Monday, April 6, 2015

E is for editing

First draft, second draft. Write, rewrite. History records many many introspective thoughts made by writers as they look back on the time spent at the editing desk that was once their writing desk. Myself now included.

There really is no other way to learn writing other than by doing it. The consequence of writing then is that you now have something to edit. I admire writing for the near miracle that it is. The brain's ability to consume sugars, connect synapses, and adjust neurons all in the name of original thought, to me, is the most impressive display of biology there is. In the case of writing fiction, even in the presence of research material, that ability to take nothing, or perhaps a few tidbits of data and make that into something, is beyond description. How your brain does that is simply amazing.

Along comes editing after the fact of writing. Maybe editing is the coach to the raw talent that is on display in writing. Taking the raw bits and applying some polish, starting with the roughest grit and gradually working your way up through finer and finer grits as you get close to that final polished mirror-like surface in which the writer's true intent is finally displayed staring back at the reader.

By way of analogy, I write this a couple days after Wisconsin beat Kentucky to advance to the championship round of the NCAA 2015 men's basketball tourney. Sam Dekker is a native son bringing tremendous raw athleticism to the UW Badger's program. Now in his junior year, Dekker is emerging as the big, fast, point-scoring horse that UW has needed to get over the hump. Dekker lore includes numerous anecdotes about the dour, old coach grinding him down, the coach seeking to expunge all of the extraneous bits of athleticism that Dekker brought to the program, leaving only the slow, methodical bits favored by the crusty old throwback coach. To some extent that is editing, although I hope to leave the excitement on the page instead of the cutting room floor.

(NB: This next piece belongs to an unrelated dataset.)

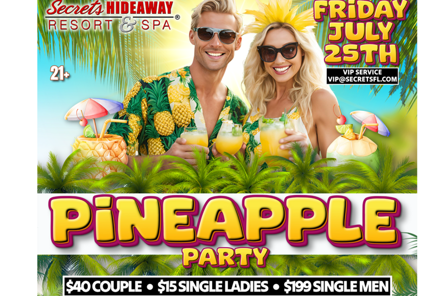 Secrets Hideaway presents "Pineapple Party" on Friday, July 25th, inviting you to tap into the universal swinger symbol and show off your true lifestyle spirit. Get out those pineapple outfits, add a little extra tropical flair, and let your playful side shine! Whether you’re rocking a bold pineapple print or showcasing a subtler nod to everyone’s favorite fruit, this is your chance to celebrate in a community that understands the cheeky magic behind the pineapple. Expect vibrant music, colorful décor, and an atmosphere that radiates excitement and open-minded connection.
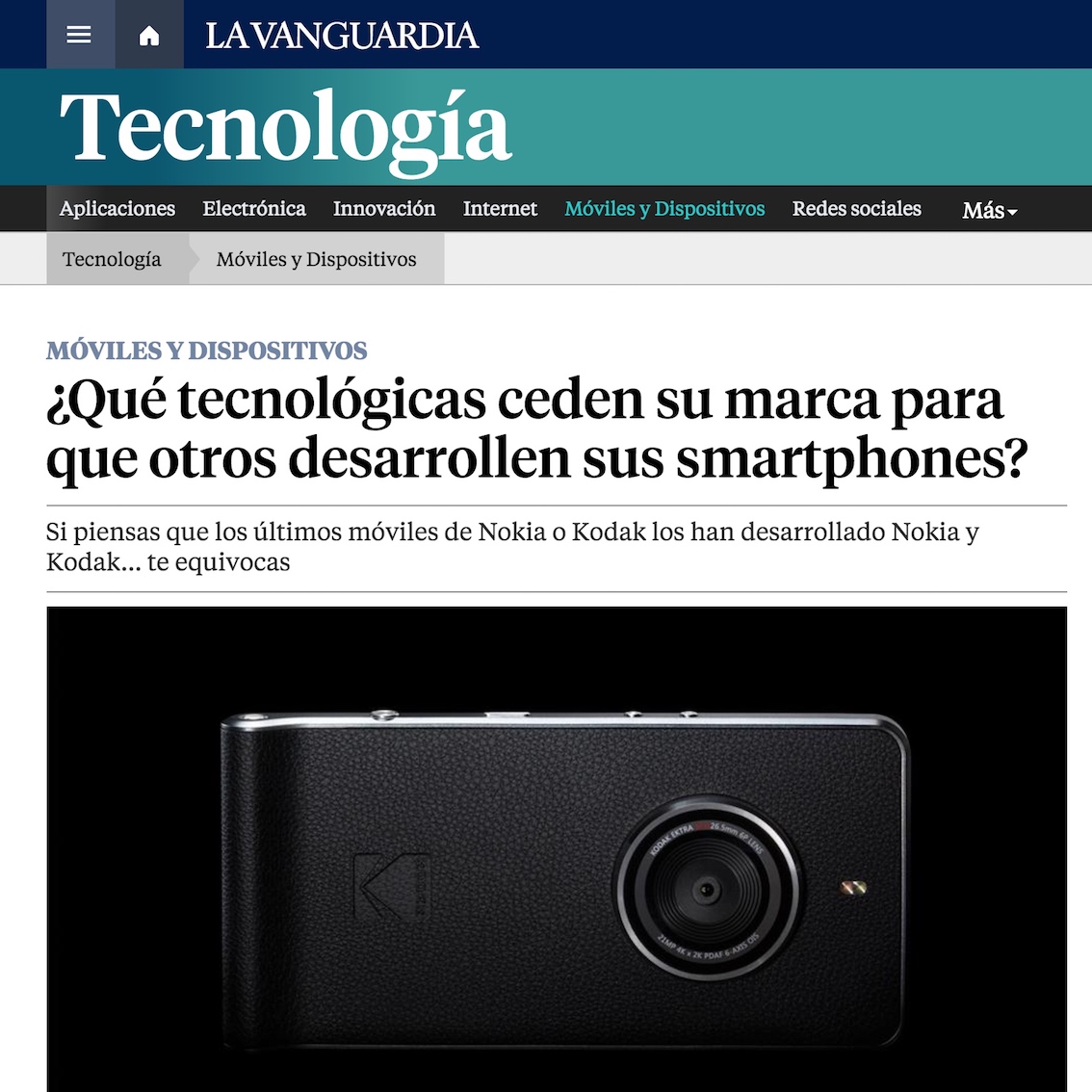 Carlos Otto me escribió para documentar un artículo en La Vanguardia sobre las compañías que ceden su marca para smartphones y otros productos de electrónica de consumo desarrollados íntegramente por terceros, como recientemente han hecho Kodak, Nokia o como anuncia que hará BlackBerry. Si artículo se publicó el pasado domingo bajo el título «¿Qué tecnológicas ceden su marca para que otros desarrollen sus smartphones?»

I love basketball. It is a central theme in New Grass Growing, the follow-on book to River and Ranch. I've always appreciated basketball as a running and scoring game, which is a chunk of the talents that Dekker brings to UW. The girl's game, in particular, has devolved into this grinding, plodding, physical game based on defense, which also seems to be what an increasing number of men's games are featuring. Defense sucks. UW's plodding, slow, half court-based game barely qualifies as entertainment. A point that Gino Auriemma, the UConn women's coach, recently trotted out, by the way.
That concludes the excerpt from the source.